To understand the mechanism of action, the authors determined a crystal structure of BOS-318 in complex with furin (Douglas et al., 2022). This structure displayed an unexpected binding mode that is different from that observed in any previous furin-inhibitor/substrate bound structures (Figure 1A, B). BOS-318 binding to furin is accompanied by a reorganization of the substrate binding site unraveling a new cryptic hydrophobic binding pocket into which the dichlorophenyl moiety of BOS-318 inserts and engages in a unique network of interactions (Figure 1C). Selectivity of BOS-318 for furin is enhanced by relatively low conservation of the cryptic binding site in related proteases and because it fails to engage the highly conserved regions of furin such as the P1 pocket and catalytic triad (Douglas et al., 2022). The network of contacts between the dichlorophenyl moiety of BOS-318 and its cryptic binding pocket allow for high potency in the absence of electrostatic interactions that occur in inhibitors that exploit the polybasic consensus sequence of furin. Notably, BOS-318 exhibits a dual mechanism of inhibition by both obstructing the substrate binding region of furin and perturbing the architecture of the catalytic triad due to steric effects (Figure 1A, B). Of note, shortly after publication of the Douglas et. al. (2022) study, Dahms et al. reported crystal structures and kinetic studies of a series of BOS-318-like furin inhibitors utilizing the (3,5-dichlorophenyl)pyridine core motif and observed similar mode of binding (Dahms et al., 2022).
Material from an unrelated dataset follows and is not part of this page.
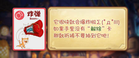 随着夏日慢慢展开了炎热的舞台,《推理学院》为大家带来的全新玩法:“炸弹猫”也正是开启了它的“惊奇之旅”!而这次,《推理学院》还将带来双倍惊喜——除了已优化完成的“炸弹猫”基础模式,《推理学院》还带来了更好玩更有趣的“疯狂模式”!在“疯狂模式”中,你不仅可以使用新的卡牌,还能够利用“疯狂模式”的随机性,将对手打得措手不及! 我已经迫不及待想要去《推理学院》玩一盘“炸弹猫”了!要一起来吗? 请开始你的表演>ω< 在游戏开始时,每个人都会获得随机的4张手牌以及1张“解除”卡牌。游戏将随机选择一位玩家开始他的回合,并按照顺时针方向进行游戏。 轮到自己的回合时,您可以根据自己的判断和策略打出手牌中任意张数的卡牌,或不打出任何卡牌。当你选择从牌堆顶部抽一张卡牌或打出特殊卡牌后,你的回合便随之结束。 当你不幸地抽到“炸弹”时,你需要立刻打出一张“解除”卡来抵消“炸弹”,之后你可以将这张“炸弹”卡牌按你的意愿悄悄加入到牌堆任一位置,你的回合结束。但当你抽到“炸弹”却无法打出“解除”的时候,就意味着你将立刻和那张“炸弹”一起被淘汰出局。 胜利条件 成为最后存活下来的玩家,即可获得游戏胜利! 疯狂模式详解 “炸弹猫”疯狂模式是《推理学院》为小伙伴们准备的全新模式,为了让“炸弹猫”充满未知与好奇带来的魅力,《推理学院》将会研发更多极具趣味的全新卡牌,并将它们加入到“疯狂模式”中。随着扩展卡牌的增多,小伙伴们在开启“疯狂模式”时,系统在当局游戏中,加入来自于“炸弹猫”扩展包的随机卡牌。 在以后的“炸弹猫”游戏旅程中,除了“下一张卡牌的未知”将能够带给你紧张与兴奋的感觉,当面对加入随机卡牌后的整个牌库,你还可以感到更多的好奇与惊喜!迫不及待地抽出下一张“关键”牌,然后给你的对手来一招出奇制胜的“套路”袭击! 在“普通模式”中的“炸弹猫”游戏卡牌均视为“基础卡牌”,与“扩展卡牌”作出区别。 卡牌说明 在 “炸弹猫”游戏中,将包含以下基础卡牌,所有的卡牌被打出后均会被放入弃牌堆,本局游戏不再使用—— 炸弹 每局游戏的“炸弹”数量永远比当局游戏玩家人数少1。它们被混在牌堆的任意位置,每当您不幸抽到“炸弹”的时候,您需要立刻打出一张“解除”来抵消“炸弹”的效果,并将这张炸弹悄悄放置到牌堆任一位置,否则将立刻被淘汰出局。 解除 在游戏一开始的时候,每个玩家都会获得一张“解除”卡。在每局游戏中,还会有两张额外的“解除”卡加入牌堆。“解除”卡只能在抽到“炸弹”的时候打出,并立即抵消“炸弹”,之后你可以将该“炸弹”放回牌堆任意位置。 抽底 在你的回合打出“抽底”,并立刻从牌堆底部抽取一张牌,然后结束你的当前回合。 休息 在你的回合打出“休息”,将立刻结束你的当前回合且无需从牌堆抽牌。 反弹 在你的回合打出“反弹”,将立刻结束你的当前回合且无需从牌堆抽牌,此刻游戏回合将从相反的顺序进行,直到下一张“反弹”打出之前,游戏顺序将不会改变(若之前以顺时针顺序进行游戏,则变为逆时针顺序进行;若为逆时针顺序进行游戏,则变为顺时针顺序进行)。 乞讨 在你的回合打出“乞讨”,并指定任一玩家,被指定玩家必须从自己的手牌中挑选一张卡牌交给你。 洗牌 在你的回合打出“洗牌”,系统将会立即对牌堆进行随机洗牌。 侦查 在你的回合打出“侦查”,可立即查看位于牌堆顶的N张牌(N为牌面上所显示数字,默认为1)。 攻击 在你的回合打出“攻击”,并指定任一玩家,你将立刻跳过自己的回合且无需从牌堆抽牌,被指定的玩家将立刻进行N个回合。“攻击”次数可在进行传递时累加(N为牌面上所显示数字,默认为1)。 冰冻 在你的回合打出“冰冻”,并指定任一玩家,使对方的N张手牌(N为牌面上所显示数字,默认为1)冻结无法使用,当对方抽牌后可解除“冰冻”效果。 致盲 在你的回合打出“致盲”,并指定任一玩家,将对方手牌顺序打乱且遮挡所有手牌,当对方抽牌后可解除“致盲”效果。 占卜 在你的回合打出“占卜”,可立即查看位于牌堆顶的N张牌(N为牌面上所显示数字),且允许交换它们的位置,并重新放回牌堆顶。 卡牌释疑 1. 问:我抽到“炸弹”之后可以使用其他卡牌吗? 答:抽到“炸弹”之后只能使用“解除”,不可使用其他卡牌。 2. 问:我抽到“炸弹”被淘汰后,可以将这张“炸弹”放回牌堆吗? 答:不能,如果你被淘汰出局,你抽到的“炸弹”也会随你而一起出局。 3. 问:其他玩家知道我把“炸弹”放在牌堆哪个位置吗? 答:除了你自己,没有任何人知道。 4. 问:“攻击”次数可在进行传递时累加是什么意思? 答:如果你对任一玩家使用“攻击”,被使用“攻击”的玩家对你使用“攻击x2”进行反击,那么你就要进行“攻击”所累计的3个回合。 5. 如果我被“攻击”多次,我只需要使用一张“攻击”就能转移所有次数吗? 答:是的,无论自己被“攻击”次数累加了多少次,只需要使用一张“攻击”就能全部转移到下一位玩家身上。 6. 问:如果我被“攻击”的次数累加到了4次,这意味着我需要做什么? 答:你可以通过抽4张牌以表示进行这4个回合,或者使用一张“休息”或“反弹”来跳过其中一个回合。 7. 被使用“致盲”或者“冰冻”后且轮到自己的回合,打出一张“

Lastly, from a broader perspective, targeting of cryptic binding sites, such as the BOS-318 binding site of furin, holds particular promise when the protein of interest lacks obvious druggable pockets based on existing structural data, or if the functional site of the protein cannot be targeted with sufficient specificity. Targeting the cryptic site allows for development of compounds with superior drug-like properties. Together with structures of other proteins harboring cryptic sites exploited by inhibitor molecules including Bcl-xL and Bcl-2, β-lactamase, and SUMO E1 activating enzyme (Lv et al., 2018), lessons learned from BOS-318 (Douglas et al., 2022) and related molecules (Dahms et al., 2022) will guide the development of methods for identifying and rationally targeting cryptic binding that may open up new avenues for therapeutic development moving forward.